### Problem description
Below are the records; give again exactly the lines from the one containing "In this study, it" through the one containing "3月上旬,青岛胶州湾海域突然", leaving out pictures.
Start of Available data
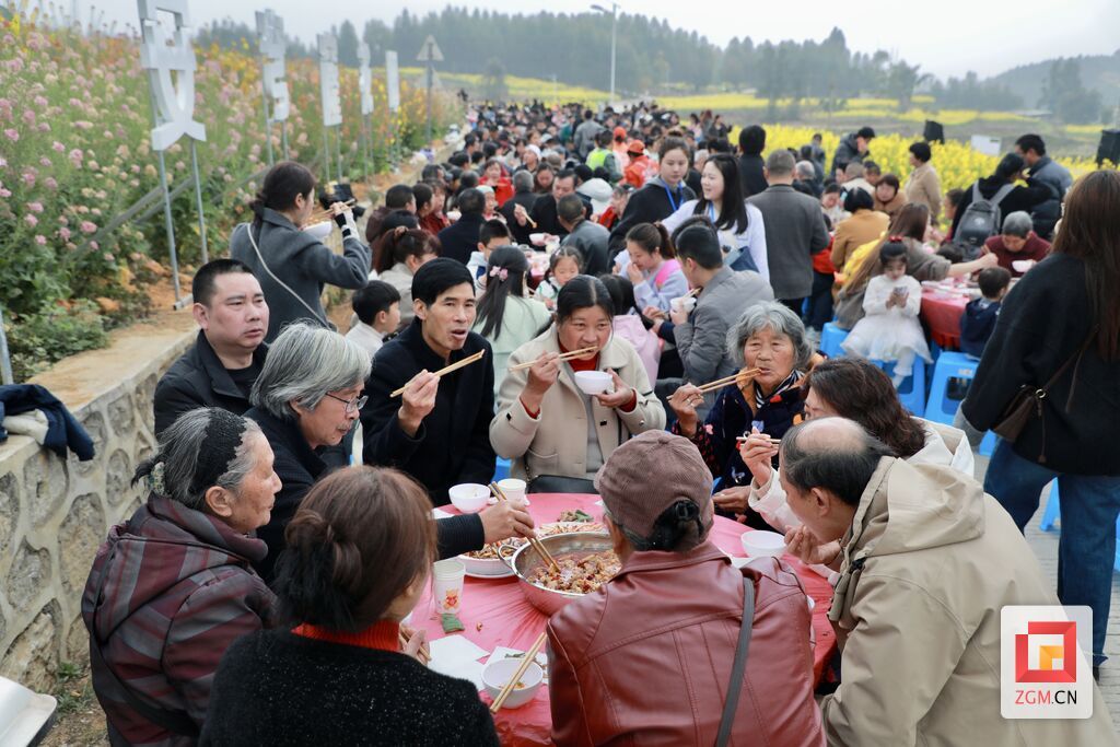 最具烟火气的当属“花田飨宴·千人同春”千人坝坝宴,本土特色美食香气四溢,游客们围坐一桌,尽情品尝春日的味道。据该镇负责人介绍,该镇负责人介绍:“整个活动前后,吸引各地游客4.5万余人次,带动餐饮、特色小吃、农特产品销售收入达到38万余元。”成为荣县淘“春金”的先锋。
End of Available data
Start of Available data
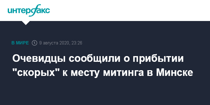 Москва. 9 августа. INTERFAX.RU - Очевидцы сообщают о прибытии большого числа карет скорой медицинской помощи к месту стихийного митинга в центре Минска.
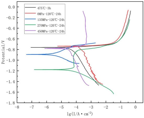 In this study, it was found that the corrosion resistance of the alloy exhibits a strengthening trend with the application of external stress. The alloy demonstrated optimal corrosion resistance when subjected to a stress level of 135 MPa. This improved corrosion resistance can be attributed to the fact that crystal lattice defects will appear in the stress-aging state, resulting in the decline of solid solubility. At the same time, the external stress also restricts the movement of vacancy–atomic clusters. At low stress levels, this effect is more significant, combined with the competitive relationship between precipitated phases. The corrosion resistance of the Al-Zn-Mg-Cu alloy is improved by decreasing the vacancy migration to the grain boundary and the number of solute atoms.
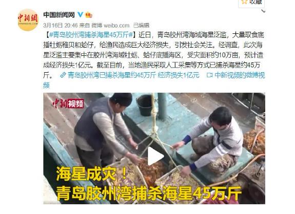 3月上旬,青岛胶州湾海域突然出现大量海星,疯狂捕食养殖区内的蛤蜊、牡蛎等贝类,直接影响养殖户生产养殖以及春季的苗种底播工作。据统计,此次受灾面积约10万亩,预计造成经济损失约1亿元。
End of Available data
Start of Available data
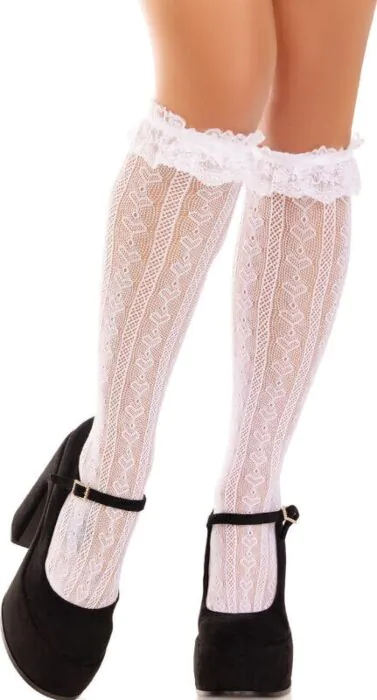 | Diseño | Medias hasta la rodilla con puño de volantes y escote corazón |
End of Available data
### Written answer
 In this study, it was found that the corrosion resistance of the alloy exhibits a strengthening trend with the application of external stress. The alloy demonstrated optimal corrosion resistance when subjected to a stress level of 135 MPa. This improved corrosion resistance can be attributed to the fact that crystal lattice defects will appear in the stress-aging state, resulting in the decline of solid solubility. At the same time, the external stress also restricts the movement of vacancy–atomic clusters. At low stress levels, this effect is more significant, combined with the competitive relationship between precipitated phases. The corrosion resistance of the Al-Zn-Mg-Cu alloy is improved by decreasing the vacancy migration to the grain boundary and the number of solute atoms.
 3月上旬,青岛胶州湾海域突然出现大量海星,疯狂捕食养殖区内的蛤蜊、牡蛎等贝类,直接影响养殖户生产养殖以及春季的苗种底播工作。据统计,此次受灾面积约10万亩,预计造成经济损失约1亿元。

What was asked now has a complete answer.